▸ **AIM OF THE EXERCISE**: Reproduce the listing below as it stands. Leave out each image.
[Opening MATERIAL FOR THE TASK section]
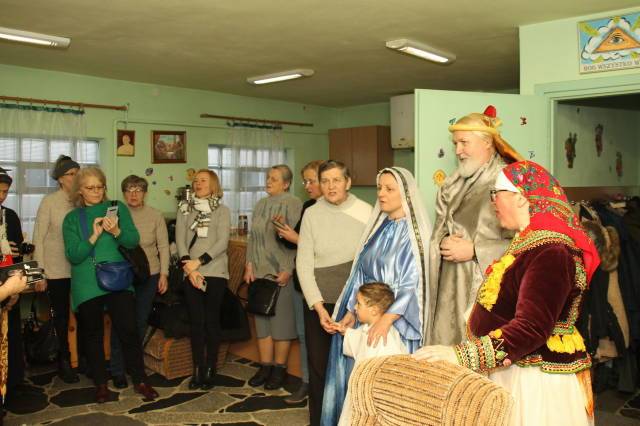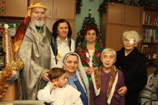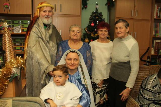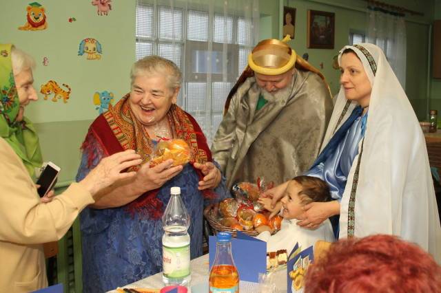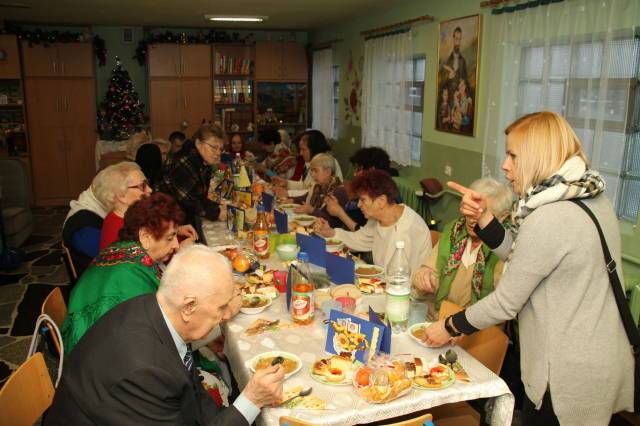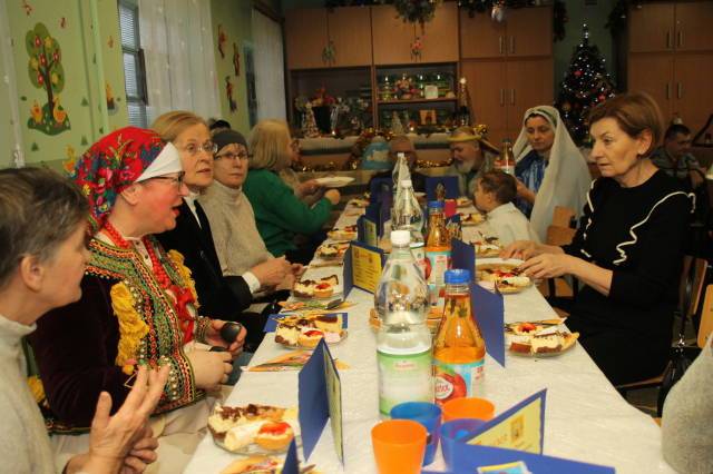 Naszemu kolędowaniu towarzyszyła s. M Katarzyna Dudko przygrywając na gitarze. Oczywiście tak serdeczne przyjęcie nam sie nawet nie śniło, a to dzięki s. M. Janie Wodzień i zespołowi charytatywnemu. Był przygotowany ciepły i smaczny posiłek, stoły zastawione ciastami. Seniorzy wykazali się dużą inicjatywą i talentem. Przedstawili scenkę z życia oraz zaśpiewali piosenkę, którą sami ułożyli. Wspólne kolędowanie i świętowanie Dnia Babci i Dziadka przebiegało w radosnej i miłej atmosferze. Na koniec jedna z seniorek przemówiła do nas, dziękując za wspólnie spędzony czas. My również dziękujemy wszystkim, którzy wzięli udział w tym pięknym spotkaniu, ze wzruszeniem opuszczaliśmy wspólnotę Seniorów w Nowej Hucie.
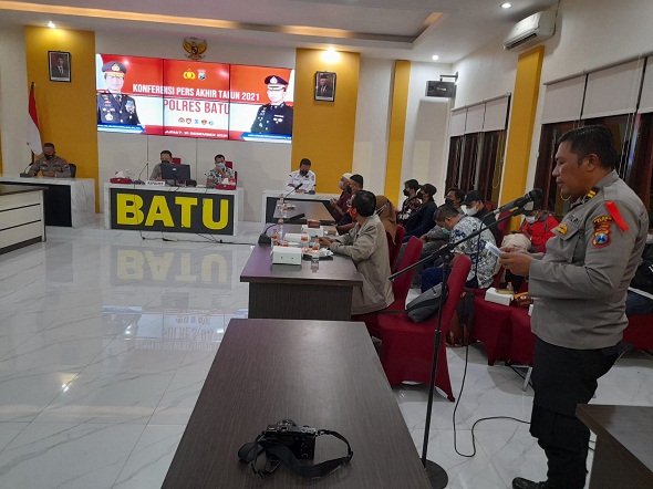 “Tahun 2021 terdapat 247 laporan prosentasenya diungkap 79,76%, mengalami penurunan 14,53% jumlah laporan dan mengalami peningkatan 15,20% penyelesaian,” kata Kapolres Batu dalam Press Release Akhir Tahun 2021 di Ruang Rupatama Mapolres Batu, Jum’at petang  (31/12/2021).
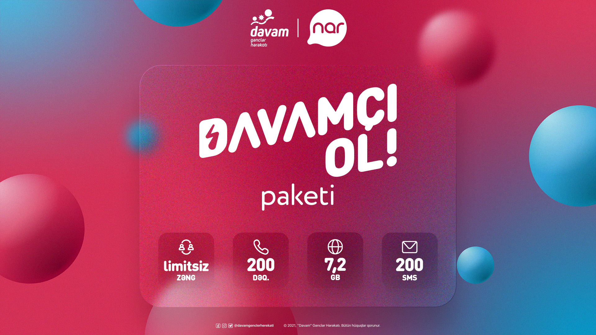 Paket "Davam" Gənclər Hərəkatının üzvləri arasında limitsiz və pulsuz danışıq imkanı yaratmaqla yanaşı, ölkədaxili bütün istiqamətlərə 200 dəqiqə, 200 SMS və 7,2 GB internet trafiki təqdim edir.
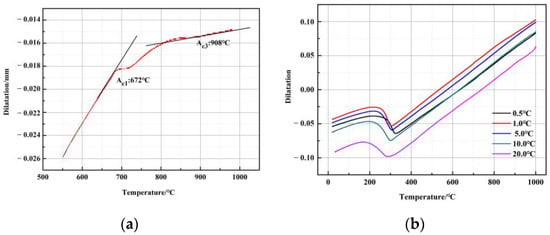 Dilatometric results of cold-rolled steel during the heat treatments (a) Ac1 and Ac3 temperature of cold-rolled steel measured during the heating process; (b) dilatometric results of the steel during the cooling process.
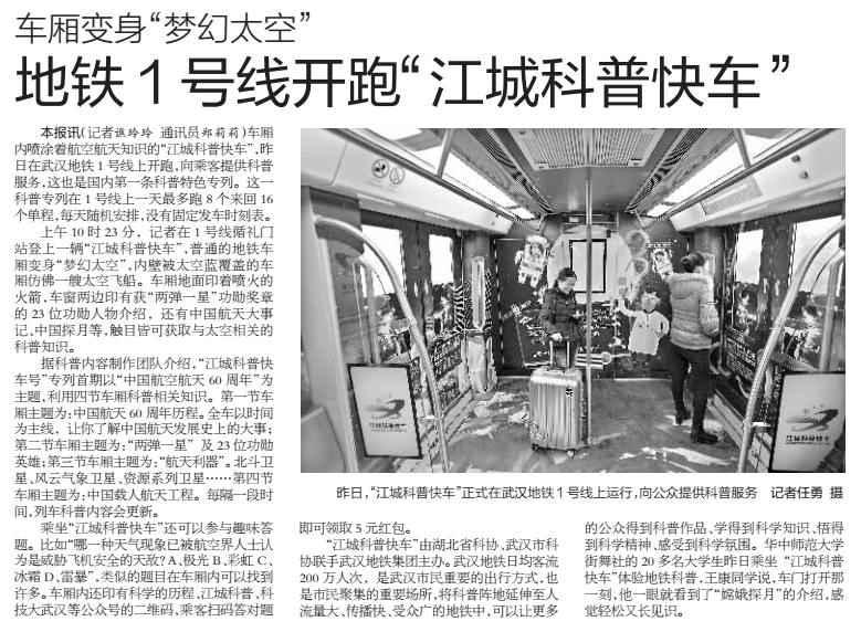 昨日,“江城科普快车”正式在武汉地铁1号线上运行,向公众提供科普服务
[Closing MATERIAL FOR THE TASK section]
▸ **WRITTEN REPLY**:
 Naszemu kolędowaniu towarzyszyła s. M Katarzyna Dudko przygrywając na gitarze. Oczywiście tak serdeczne przyjęcie nam sie nawet nie śniło, a to dzięki s. M. Janie Wodzień i zespołowi charytatywnemu. Był przygotowany ciepły i smaczny posiłek, stoły zastawione ciastami. Seniorzy wykazali się dużą inicjatywą i talentem. Przedstawili scenkę z życia oraz zaśpiewali piosenkę, którą sami ułożyli. Wspólne kolędowanie i świętowanie Dnia Babci i Dziadka przebiegało w radosnej i miłej atmosferze. Na koniec jedna z seniorek przemówiła do nas, dziękując za wspólnie spędzony czas. My również dziękujemy wszystkim, którzy wzięli udział w tym pięknym spotkaniu, ze wzruszeniem opuszczaliśmy wspólnotę Seniorów w Nowej Hucie.
 “Tahun 2021 terdapat 247 laporan prosentasenya diungkap 79,76%, mengalami penurunan 14,53% jumlah laporan dan mengalami peningkatan 15,20% penyelesaian,” kata Kapolres Batu dalam Press Release Akhir Tahun 2021 di Ruang Rupatama Mapolres Batu, Jum’at petang  (31/12/2021).
 Paket "Davam" Gənclər Hərəkatının üzvləri arasında limitsiz və pulsuz danışıq imkanı yaratmaqla yanaşı, ölkədaxili bütün istiqamətlərə 200 dəqiqə, 200 SMS və 7,2 GB internet trafiki təqdim edir.
 Dilatometric results of cold-rolled steel during the heat treatments (a) Ac1 and Ac3 temperature of cold-rolled steel measured during the heating process; (b) dilatometric results of the steel during the cooling process.
 昨日,“江城科普快车”正式在武汉地铁1号线上运行,向公众提供科普服务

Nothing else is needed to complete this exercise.